Generally speaking, magnetic separators are designed to extract ferromagnetic elements. If the cans are ferromagnetic, the separator will effectively segregate them. However, if the cans are made of non-ferromagnetic materials, such as aluminum, the separator will not be able to separate them.

Yes, magnetic rollers are used in the food sector to remove metallic contaminants, for example iron fragments or iron dust. Our rods are made from durable acid-resistant steel, AISI 304, suitable for contact with food.

Magnetic rollers, otherwise cylindrical magnets, find application in metal separation, food production as well as waste processing. They help in extracting iron dust during the process of separating metals from other wastes.

Our magnetic rollers consist of a neodymium magnet anchored in a tube made of stainless steel with a wall thickness of 1mm.

From both sides of the magnetic bar can be with M8 threaded holes - 18 mm, allowing for quick installation in machines or magnetic filter drawers. A "blind" version is also possible in manual separators.

In terms of features, magnetic bars stand out in terms of flux density, magnetic force lines and the field of the magnetic field. We produce them in materials, N42 as well as N52.

Usually it is believed that the greater the magnet's power, the more efficient it is. But, the effectiveness of the magnet's power is based on the height of the used magnet and the quality of the material [N42] or [N52], as well as on the area of application and anticipated needs. The standard operating temperature of a magnetic bar is 80°C.

In the case where the magnet is thin, the magnetic force lines will be more compressed. Otherwise, in the case of a thicker magnet, the force lines will be longer and reach further.

For constructing the casings of magnetic separators - rollers, most often stainless steel is used, especially types AISI 304, AISI 316, and AISI 316L.

In a salt water environment, AISI 316 steel exhibits the best resistance due to its exceptional corrosion resistance.

Magnetic bars are characterized by their unique configuration of poles and their capability to attract magnetic substances directly onto their surface, in contrast to other separators that often use complex filtration systems.

Technical designations and terms related to magnetic separators include amongst others magnet pitch, polarity, and magnetic induction, as well as the steel type applied.

Magnetic induction for a magnet on a roller is measured using a teslameter or a gaussmeter with a flat Hall-effect probe, seeking the highest magnetic field value close to the magnetic pole.
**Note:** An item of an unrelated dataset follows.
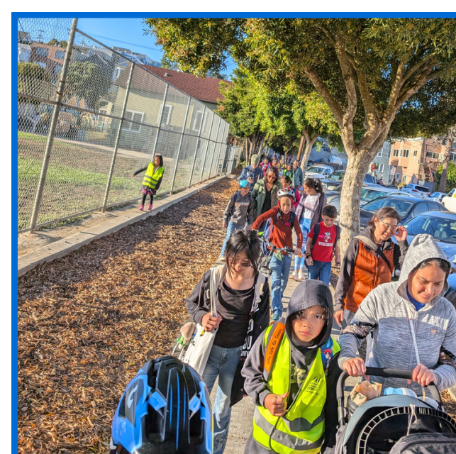
Monroe Elementary Students and Parents enjoyed their walking school bus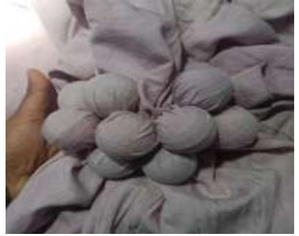
Fig 5: Bubble effect

Fabrics with bubble effects can be visually appealing and provide a tactile texture that some babies may find interesting. Baby feel more comfortable while sleeping .using industrial starch tying a small ball and dip the tied fabric in starch solution and sundry the fabric for effect.

The outcome is verified in a value table - the lowest is N30. All designations below N27 or N25 suggest recycling that doesn't meet the standard - they are not suitable.

Neodymium magnetic bars offer a range of benefits such as a very strong magnetic field, the ability to capture even the tiniest metal particles, and durability. However, some of the downsides may involve the need for regular cleaning, higher cost, and potential installation challenges.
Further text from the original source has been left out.